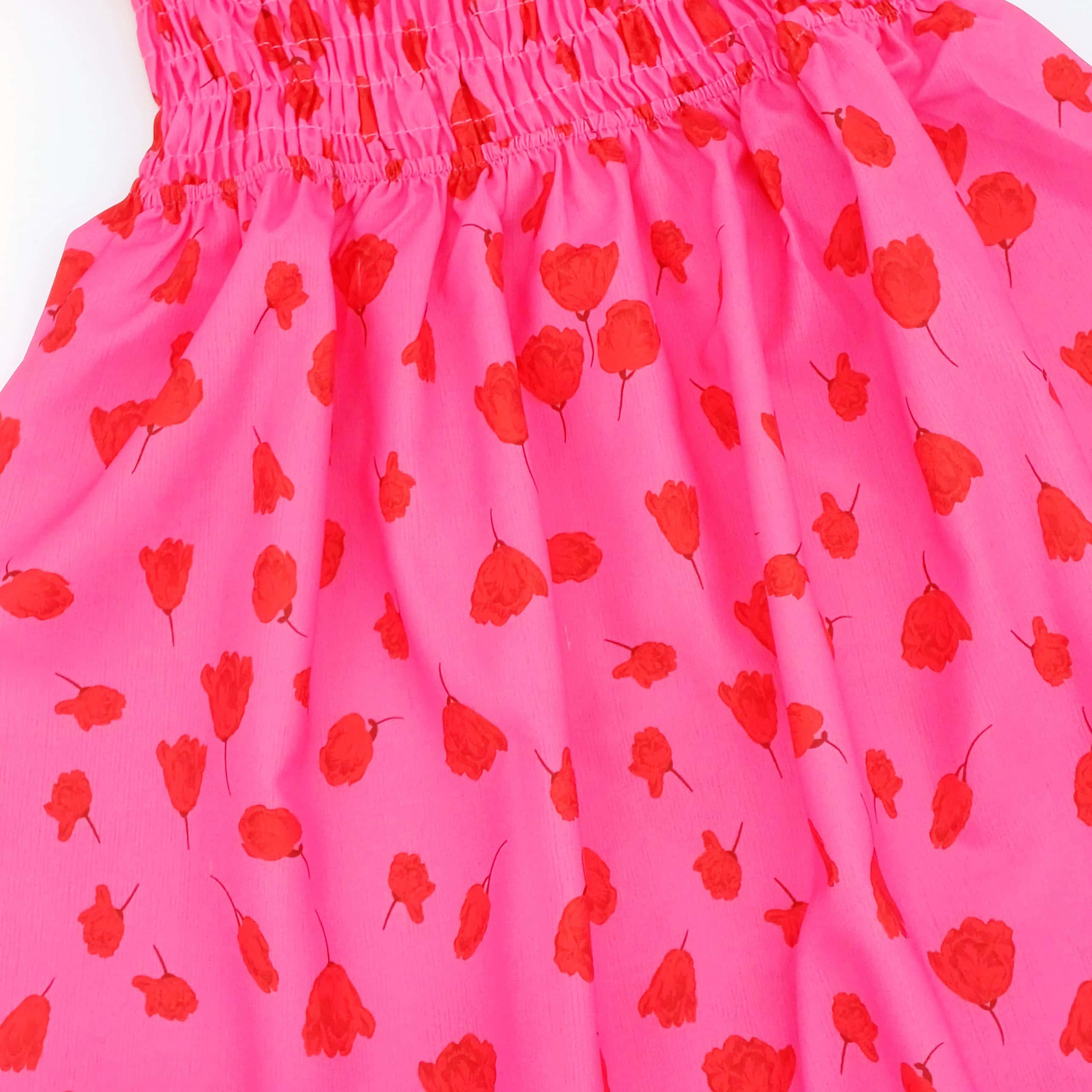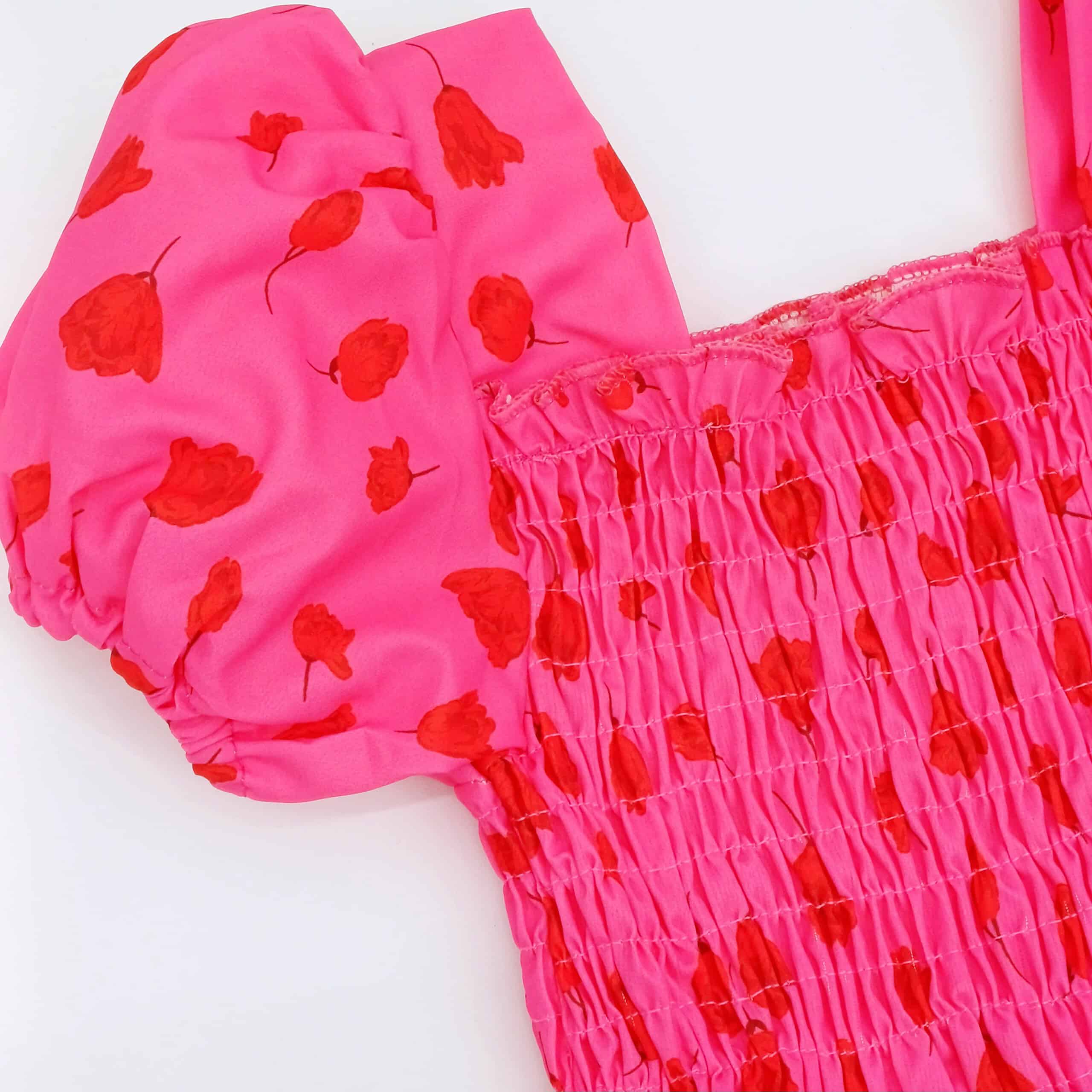 Une jolie robe pour petite fille, conçue pour être à la fois élégante et confortable. La robe est de couleur rose vif avec des motifs de fleurs rouges, créant un effet visuel charmant et féminin. Le haut de la robe est froncé avec un élastique, offrant un ajustement flexible et confortable, tandis que les manches bouffantes ajoutent une touche de douceur et de style. Idéale pour les occasions spéciales ou pour un look quotidien mignon, cette robe est parfaite pour les petites filles qui aiment la couleur et les motifs floraux.
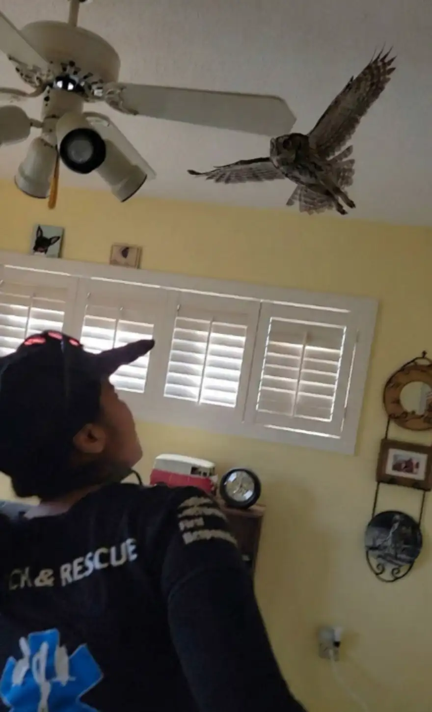 The bird took a short, self-guided tour through the home before landing on a bedroom mirror. The rescuer safely captured the owl in the net without incident.
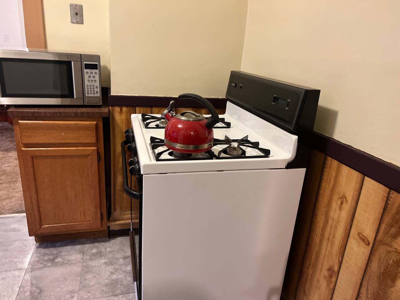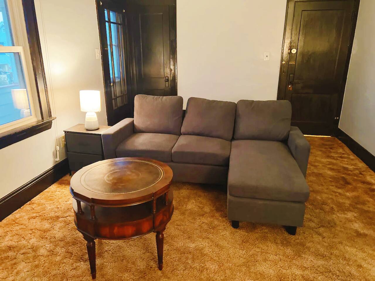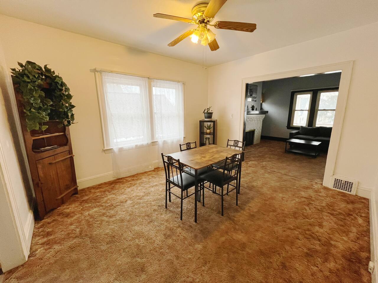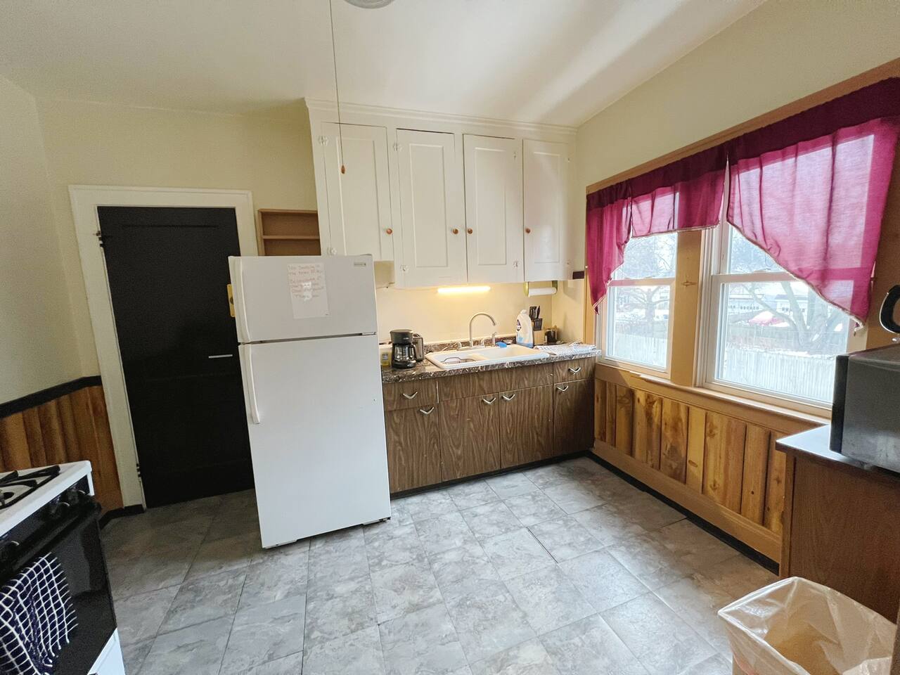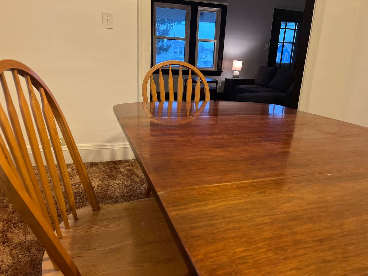 Spacious apartment. Upstairs unit. You can enter through the left door in the front porch, or through the back porch. Decent size kitchen well equipped. 1 shared bathroom.
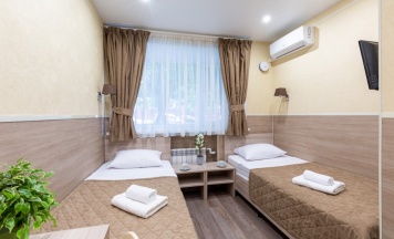 Номер с двумя односпальными кроватями. В номере: отдельный санузел с душевой кабиной, кондиционер, вместительный шкаф для одежды, стол для работы, большой LCD-телевизор с USB-входом, мини-сейф.
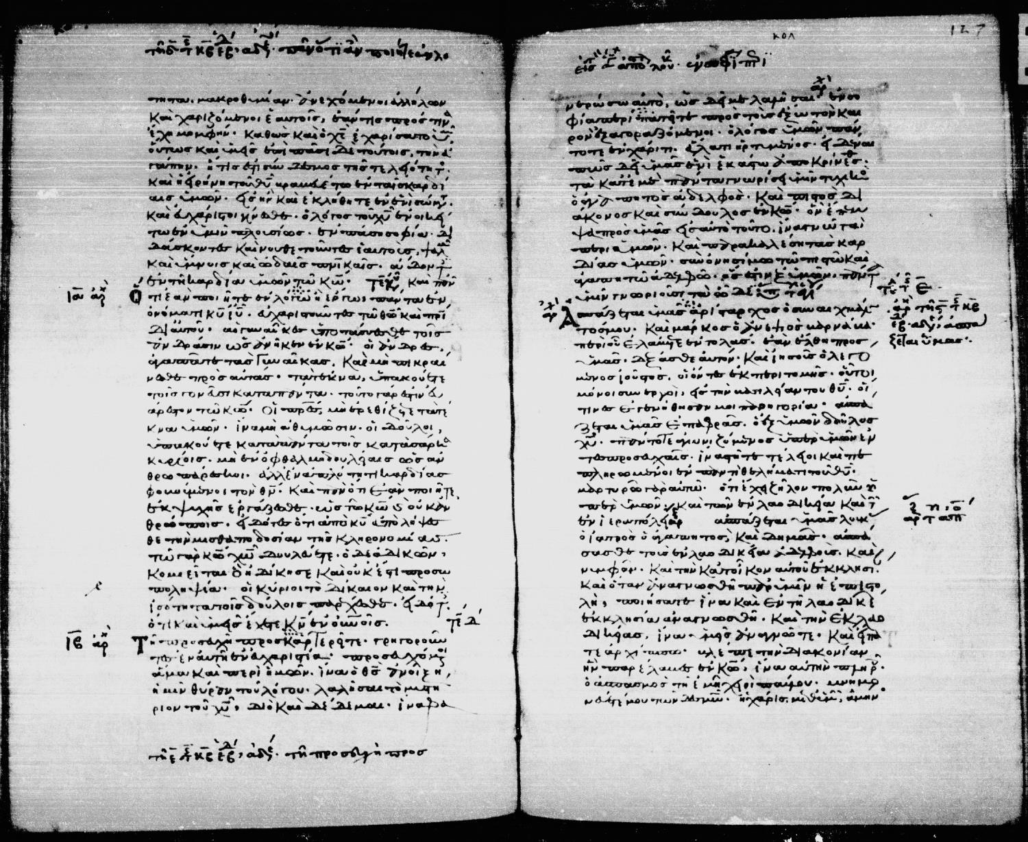 Twelfth century minuscule of the Gospels, Apostolos, and Paul on parchment; 297 leaves, single column, 38 lines per column. Digital images are from microfilm.
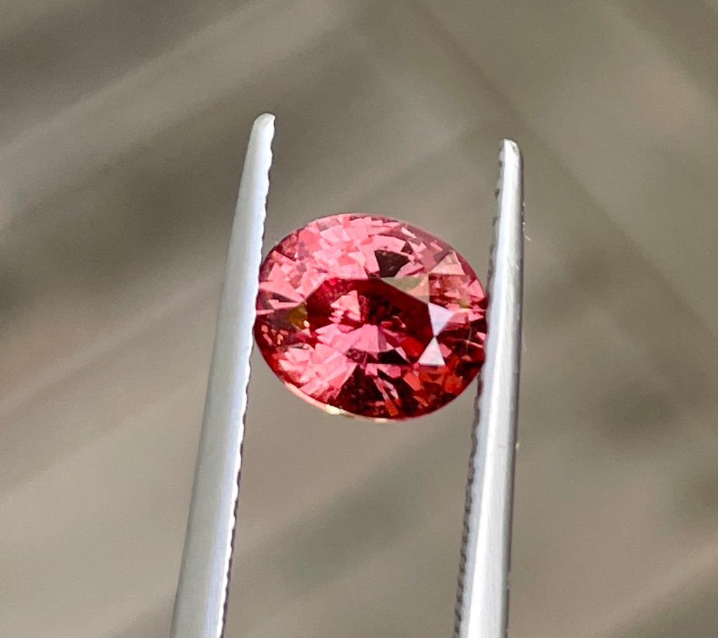 This padparadscha exhibits a slight brown color in certain lighting and is extremely vibrant.
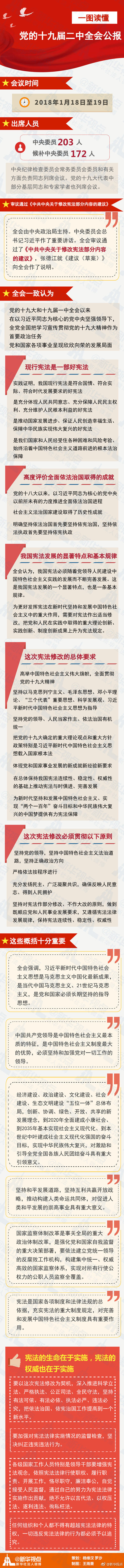 党的十九届二中全会公报新鲜出炉,公报有哪些重要内容?这次宪法修改的总体要求是什么?戳长图!
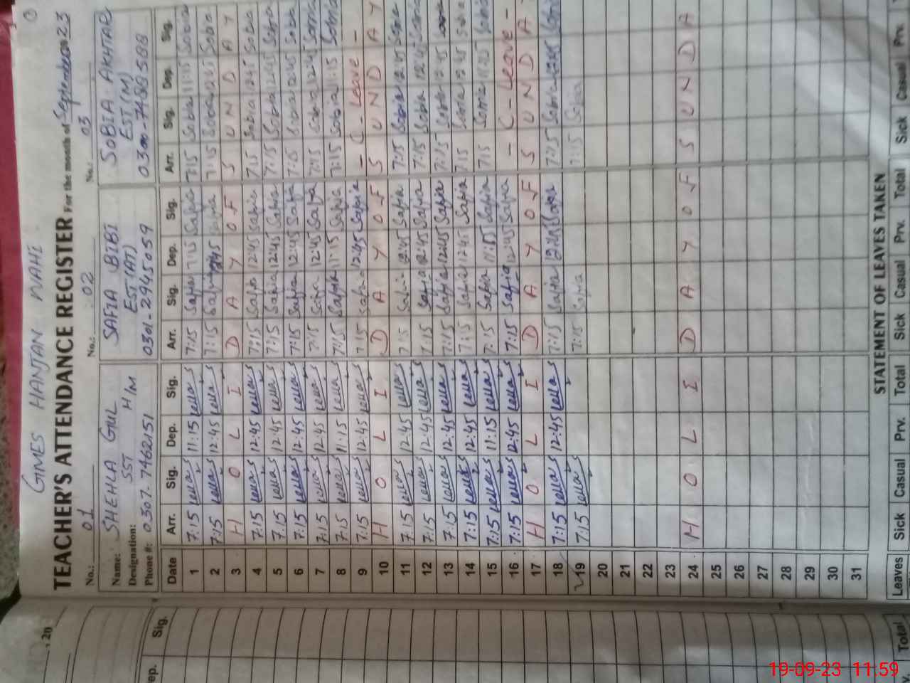 | Name: SH**** GU**** Designation: (School Headmaster's/Headmistress's) S.S.T.(G) Phone/Cell Number: 03**** |

▶ **TASK DETAILS**: Begin at the line containing "This padparadscha exhibits" and restate exactly every line through the end of the material, skipping the pictures.

▶ **RESULT OF THE EXERCISE**:
 This padparadscha exhibits a slight brown color in certain lighting and is extremely vibrant.
 党的十九届二中全会公报新鲜出炉,公报有哪些重要内容?这次宪法修改的总体要求是什么?戳长图!
 | Name: SH**** GU**** Designation: (School Headmaster's/Headmistress's) S.S.T.(G) Phone/Cell Number: 03**** |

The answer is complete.